When you use TLS, you are provisioned a Tanzu RabbitMQ server with a certificate. With this certificate, apps and clients can establish an encrypted connection with the service.

Through BOSH CredHub, Ops Manager generates a server certificate using a Certificate Authority (CA) certificate.

If you do not want to use the CA certificate generated, you can provide your own CA certificate and add it through the CredHub CLI. For an overview of the purpose and functionality of the CredHub component, see CredHub.

Apps and clients use this CA certificate to check that the server certificate is trustworthy. A trustworthy server certificate allows apps and clients to securely communicate with the Tanzu RabbitMQ server.

VMware Tanzu Application Service for VMs (TAS for VMs) shares the CA certificate public component in the following ways:

  • TAS for VMs provisions a copy of the CA certificate in the trusted store of each container’s operating system. Apps written in Java and Spring automatically discover the CA certificate in the trusted store.

  • TAS for VMs supplies the public CA certificate in an environment variable called VCAP_SERVICES that exists in every container. Apps not written in Java and Spring can retrieve the public component of the CA certificate from VCAP_SERVICES and use it to establish an encrypted connection with the data service.

Generated or Provided CA Certificate

Ops Manager can generate a CA certificate for TLS to use.

Alternatively, you can choose to provide your own CA certificate for TLS to use.

Workflow

The workflow you follow to prepare for TLS depends on whether you use the CA certificate generated by Ops Manager or if you bring your own CA certificate.
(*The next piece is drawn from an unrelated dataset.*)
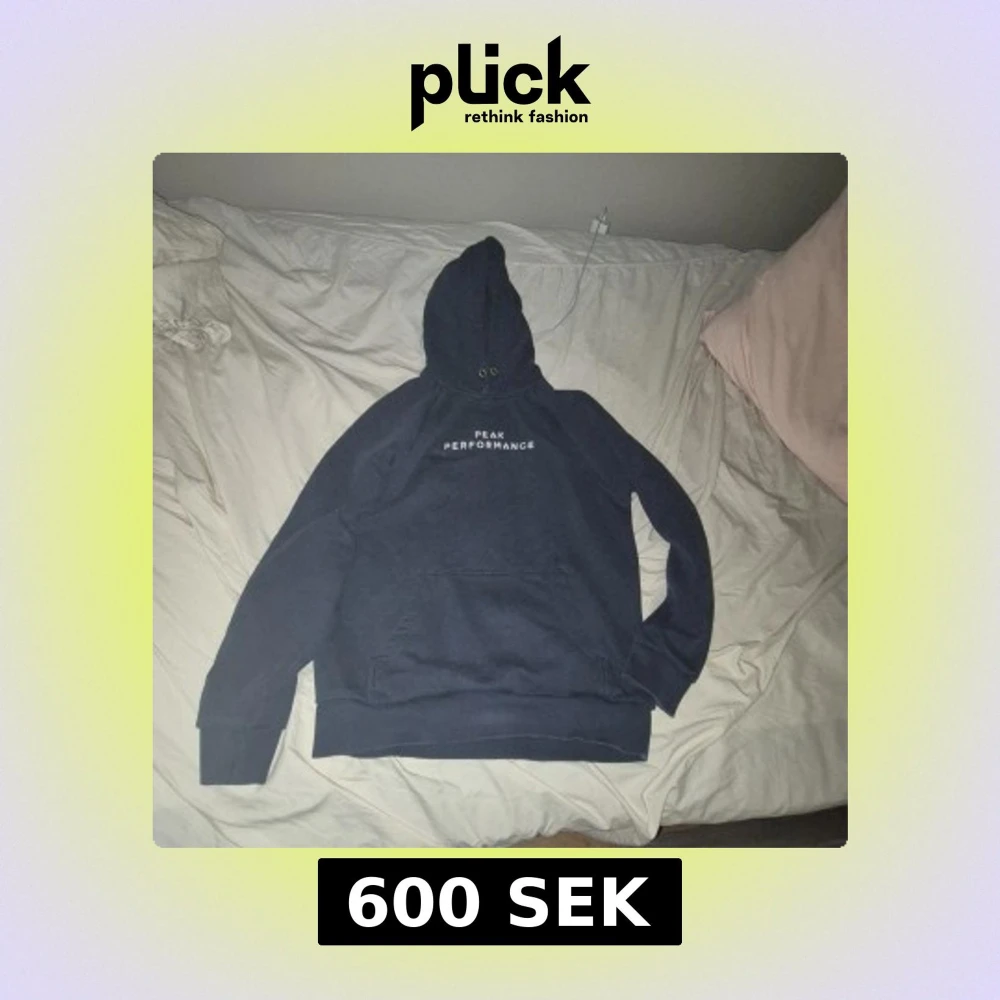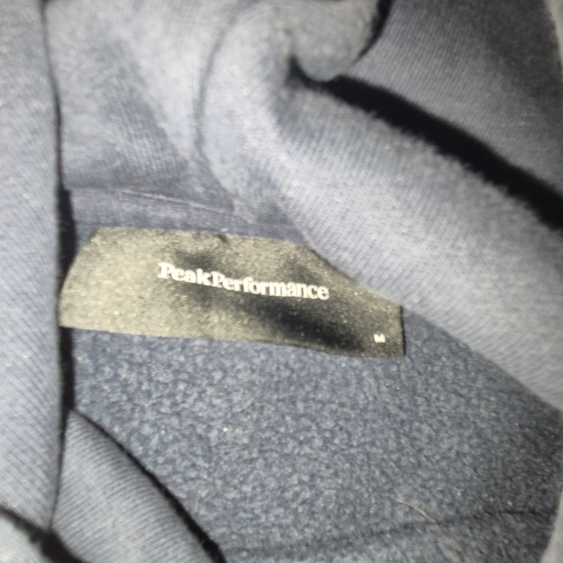 Säljer en mörkblå hoodie från Peak använd ett par gånger Performance med vit logga på bröstet. Klassisk modell med huva, känguruficka och ribbade muddar. Perfekt för chill dagar eller när du vill ha en enkel och snygg look.

If Using the Generated CA Certificate

To use the CA certificate that Ops Manager generates through CredHub, follow this workflow to enable TLS for VMware Tanzu RabbitMQ for VMs:

  1. An operator adds the CredHub-generated certificate to Ops Manager by performing the procedures:

    1. Find the CredHub Credentials in Ops Manager below
    2. Add the CA Certificate below

    These procedures are unnecessary if you are on TAS for VMs v2.7.21 or later, v2.8.4 or later, v2.9.4 or later, or v2.10.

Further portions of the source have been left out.